Records shown START
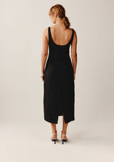 The Quinn Dress from New Zealand designer, Marle features a wide, round neckline, low scooped back and is designed to sit close to the body, falling into a straight, pencil silhouette through the skirt. The top of the dress features a subtle curve hem under the bust and there is a vertical split at the back. This slim fitting, timeless dress is an elegant choice for any special occasion, both day and night.
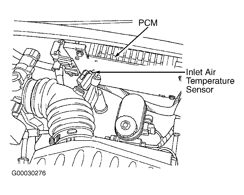 1. Powertrain Control Module (PCM) is located in left rear of engine compartment, behind brake master cylinder. See Fig 1. Remove air cleaner lid. Disconnect inlet air temperature sensor and air hose.
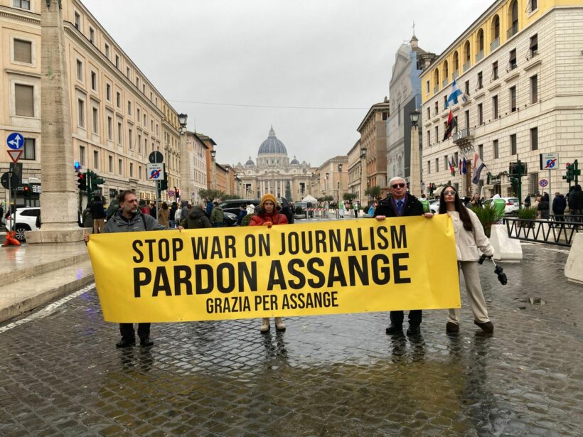 Domenica 5 gennaio a mezzogiorno un gruppo di attivisti per Assange ha invaso Piazza San Pietro, portando uno striscione e dei cartelli, per domandare al Papa di chiedere a Joe Biden, durante la sua visita in Vaticano venerdì prossimo, la grazia presidenziale per Julian Assange. Tra gli attivisti spiccava Vincenzo Vita, già Senatore della Repubblica e garante dell’Articolo21 (video).
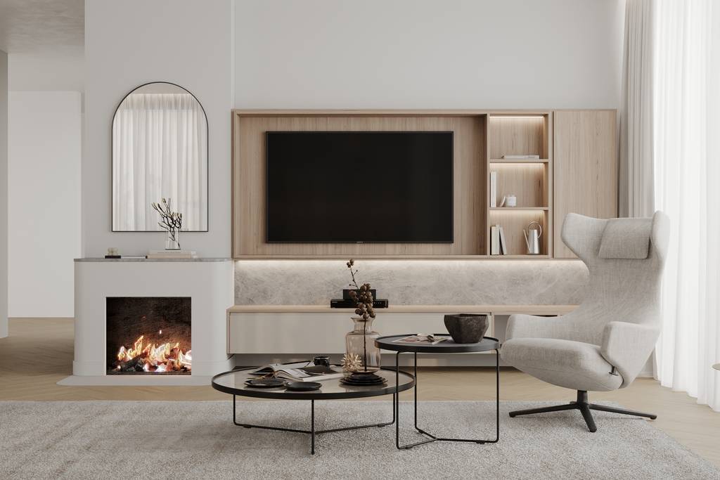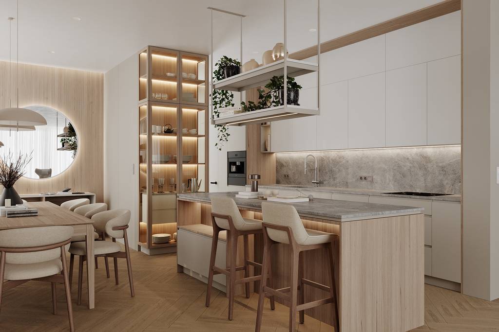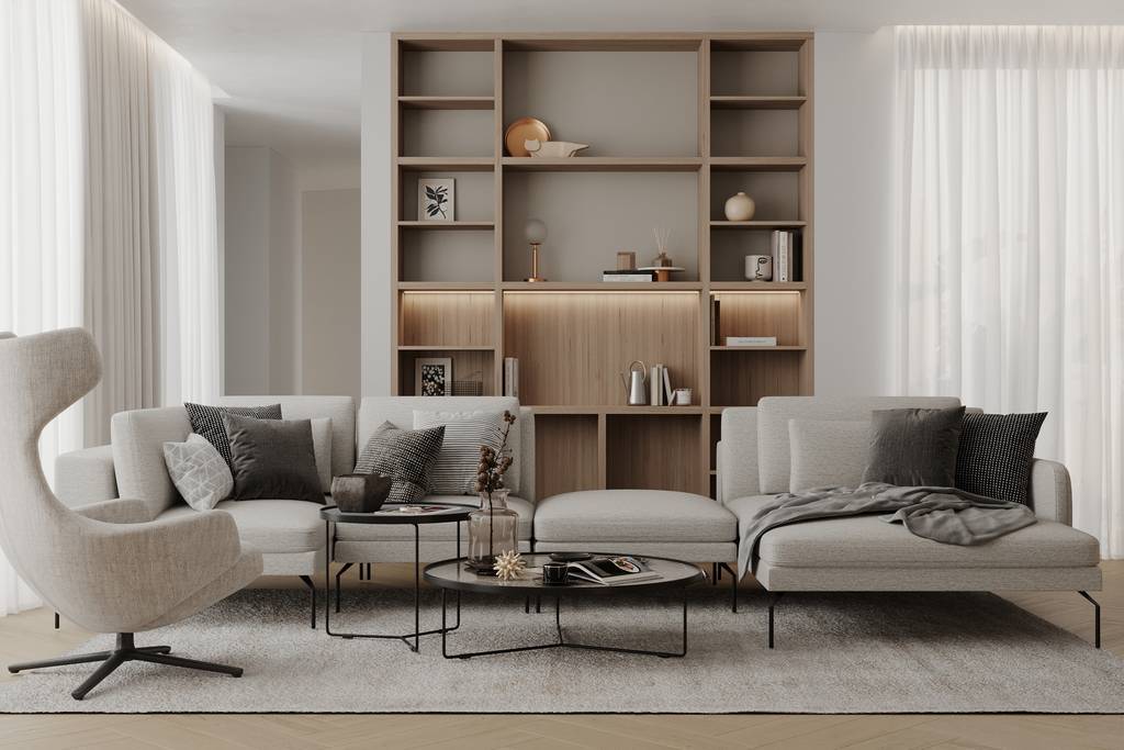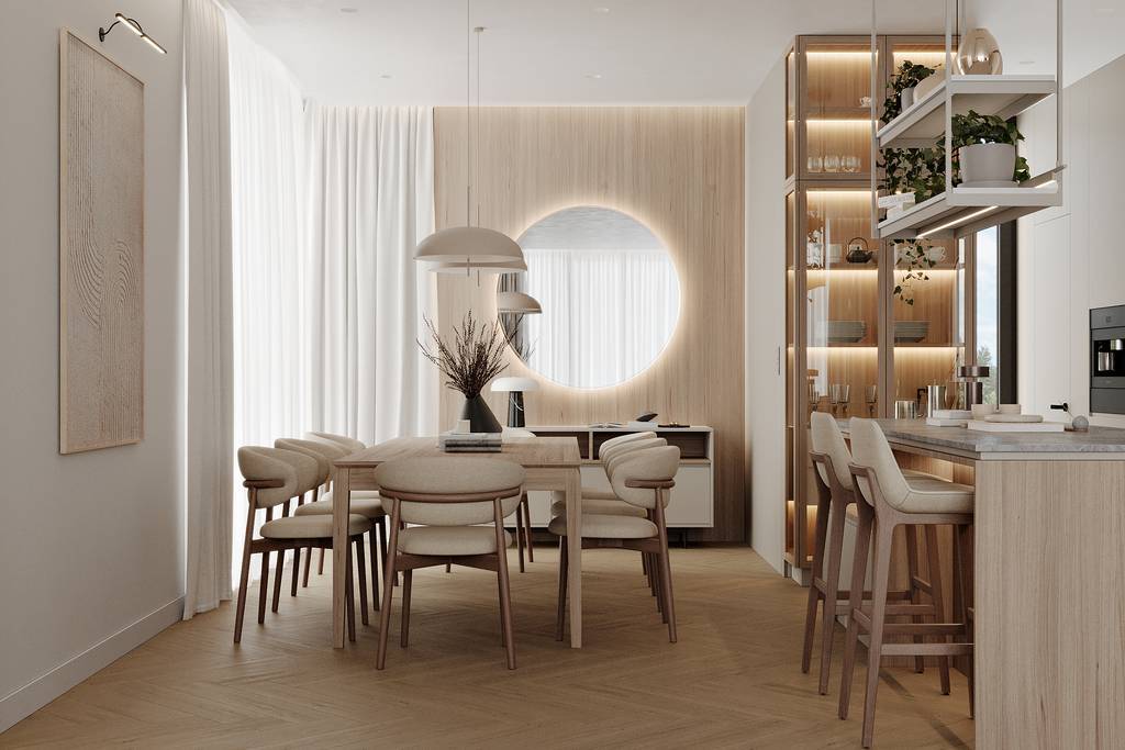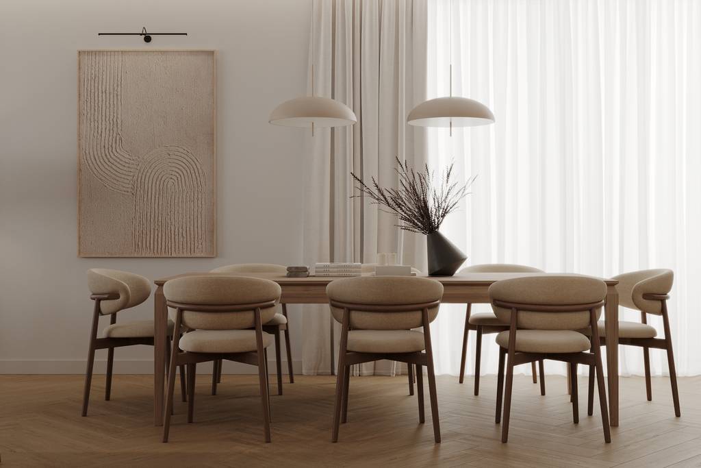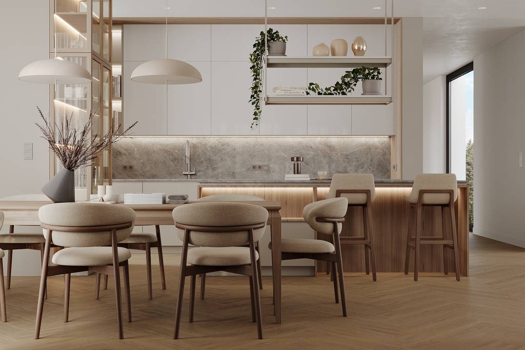 Projekt wnętrz Domu na Trzy podporządkowany został bardzo stonowanej stylistyce, dającej poczucie domowego ciepła. Dominującym kolorem został beż, występujący w formie zróżnicowanych faktur i odcieni. Pojawia się on przede wszystkim na ścianach, tekstyliach oraz frontach meblowych. Uzupełniony jest on znaczną ilością elementów z naturalnego, jasnego drewna w formie wyposażenia meblowego, elementów stolarskich oraz okładzin ściennych.
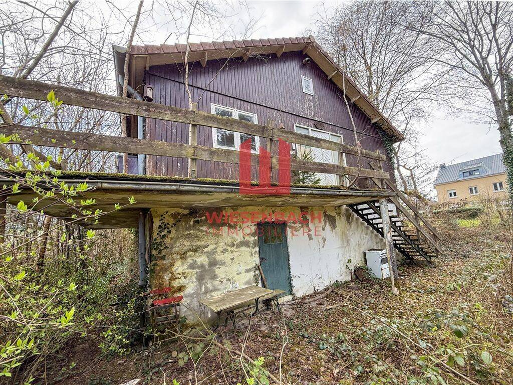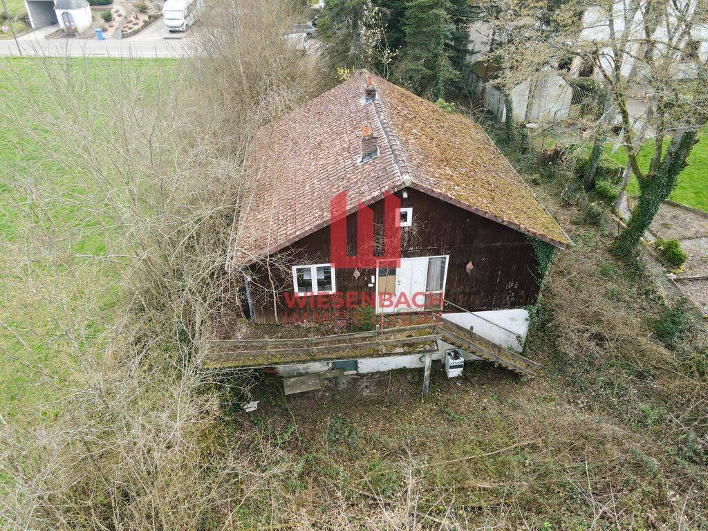 Comme le montrent les photos, le terrain est actuellement occupé par un chalet de deux étages qui doit être démoli, et la végétation y est très dense.
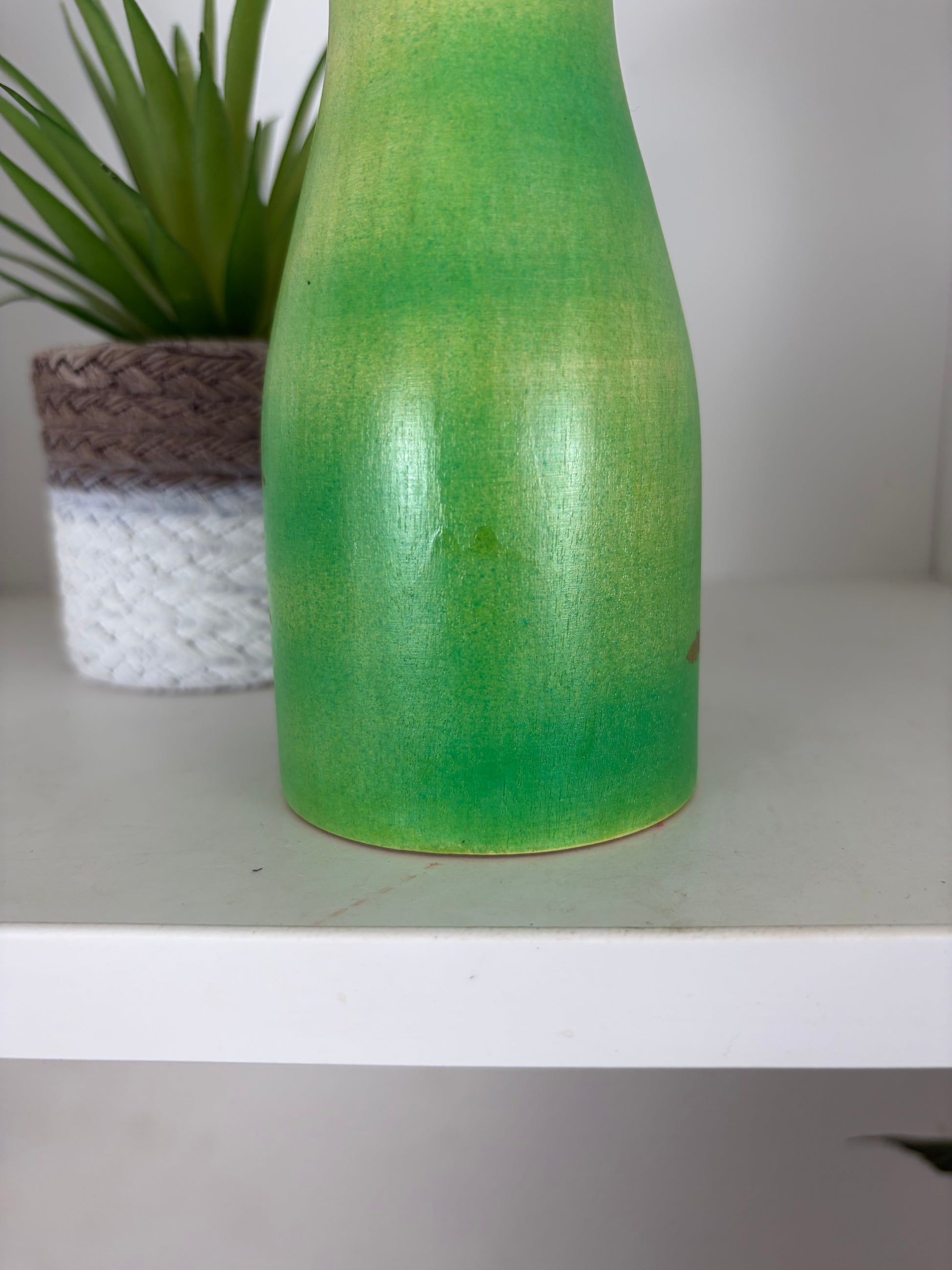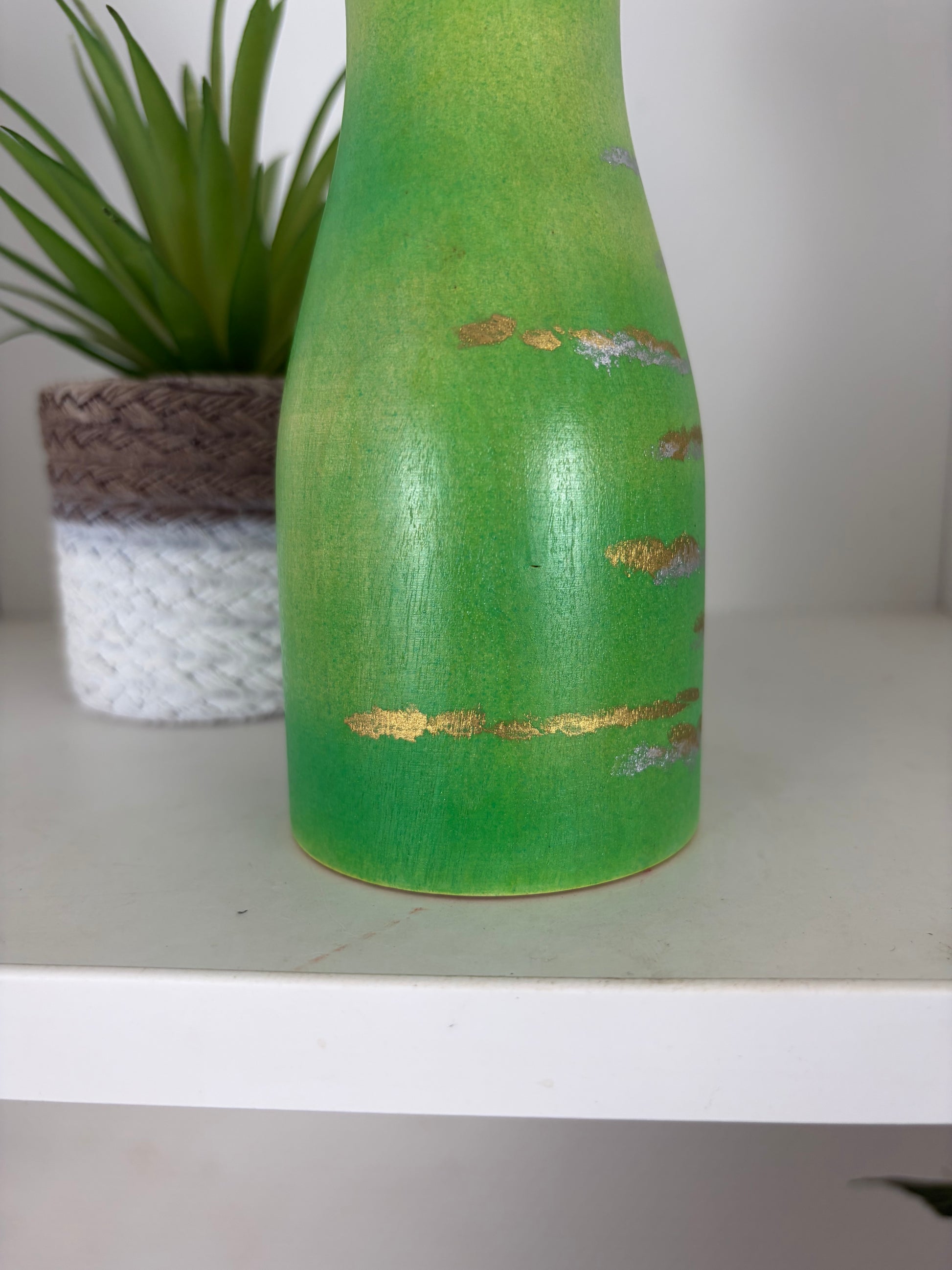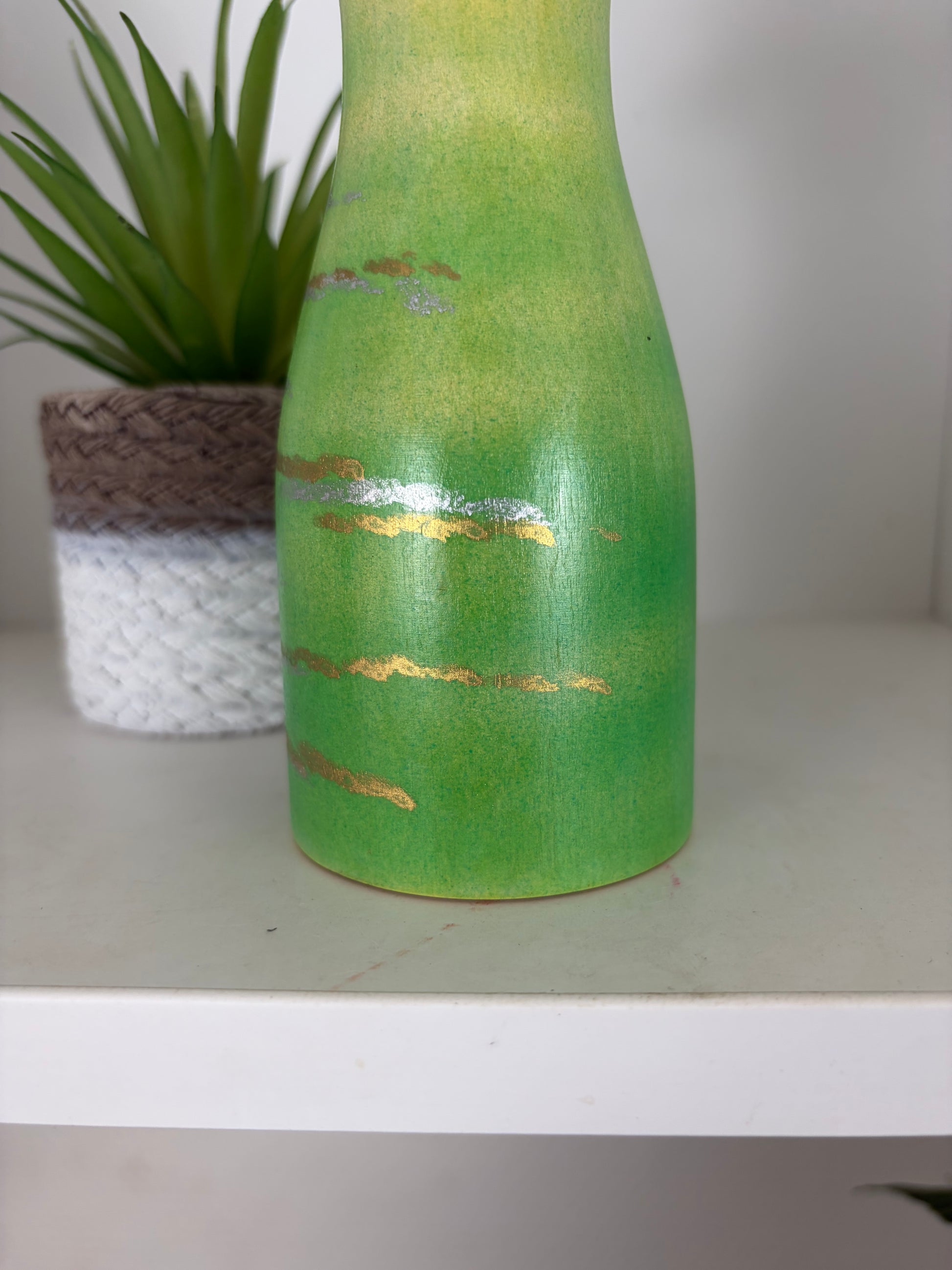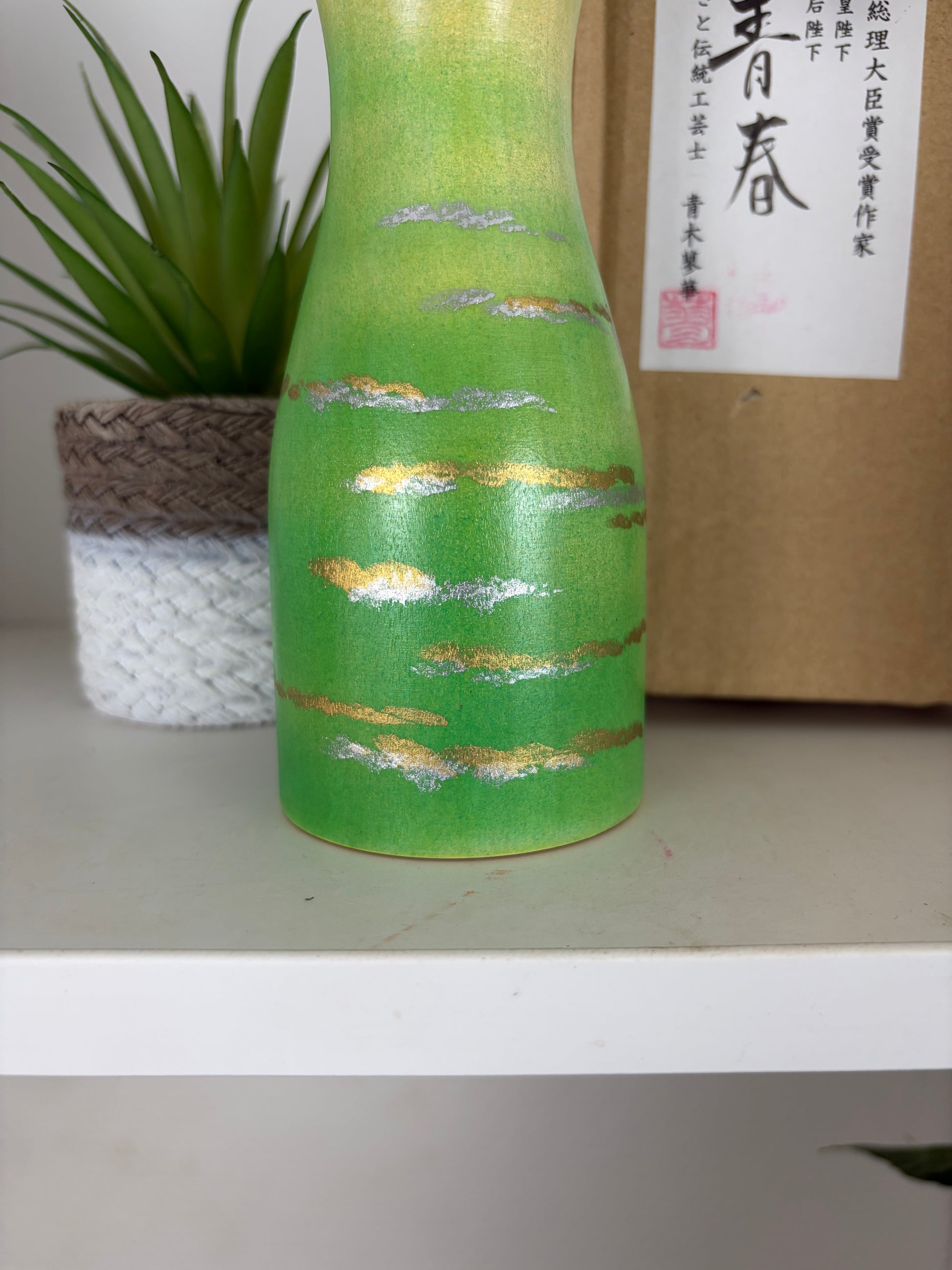 The elongated body is painted in layered shades of fresh green, accented with flowing horizontal bands of gold and silver that shimmer softly and suggest movement, light, or seasonal landscapes. The surface finish is smooth and luminous, highlighting the careful craftsmanship and painterly touch characteristic of Aoki Ryōka’s work.
Records shown END
Exercise goal
What is needed here is an exact copy of all the entries, without the pictures.

Result
 The Quinn Dress from New Zealand designer, Marle features a wide, round neckline, low scooped back and is designed to sit close to the body, falling into a straight, pencil silhouette through the skirt. The top of the dress features a subtle curve hem under the bust and there is a vertical split at the back. This slim fitting, timeless dress is an elegant choice for any special occasion, both day and night.
 1. Powertrain Control Module (PCM) is located in left rear of engine compartment, behind brake master cylinder. See Fig 1. Remove air cleaner lid. Disconnect inlet air temperature sensor and air hose.
 Domenica 5 gennaio a mezzogiorno un gruppo di attivisti per Assange ha invaso Piazza San Pietro, portando uno striscione e dei cartelli, per domandare al Papa di chiedere a Joe Biden, durante la sua visita in Vaticano venerdì prossimo, la grazia presidenziale per Julian Assange. Tra gli attivisti spiccava Vincenzo Vita, già Senatore della Repubblica e garante dell’Articolo21 (video).
 Projekt wnętrz Domu na Trzy podporządkowany został bardzo stonowanej stylistyce, dającej poczucie domowego ciepła. Dominującym kolorem został beż, występujący w formie zróżnicowanych faktur i odcieni. Pojawia się on przede wszystkim na ścianach, tekstyliach oraz frontach meblowych. Uzupełniony jest on znaczną ilością elementów z naturalnego, jasnego drewna w formie wyposażenia meblowego, elementów stolarskich oraz okładzin ściennych.
 Comme le montrent les photos, le terrain est actuellement occupé par un chalet de deux étages qui doit être démoli, et la végétation y est très dense.
 The elongated body is painted in layered shades of fresh green, accented with flowing horizontal bands of gold and silver that shimmer softly and suggest movement, light, or seasonal landscapes. The surface finish is smooth and luminous, highlighting the careful craftsmanship and painterly touch characteristic of Aoki Ryōka’s work.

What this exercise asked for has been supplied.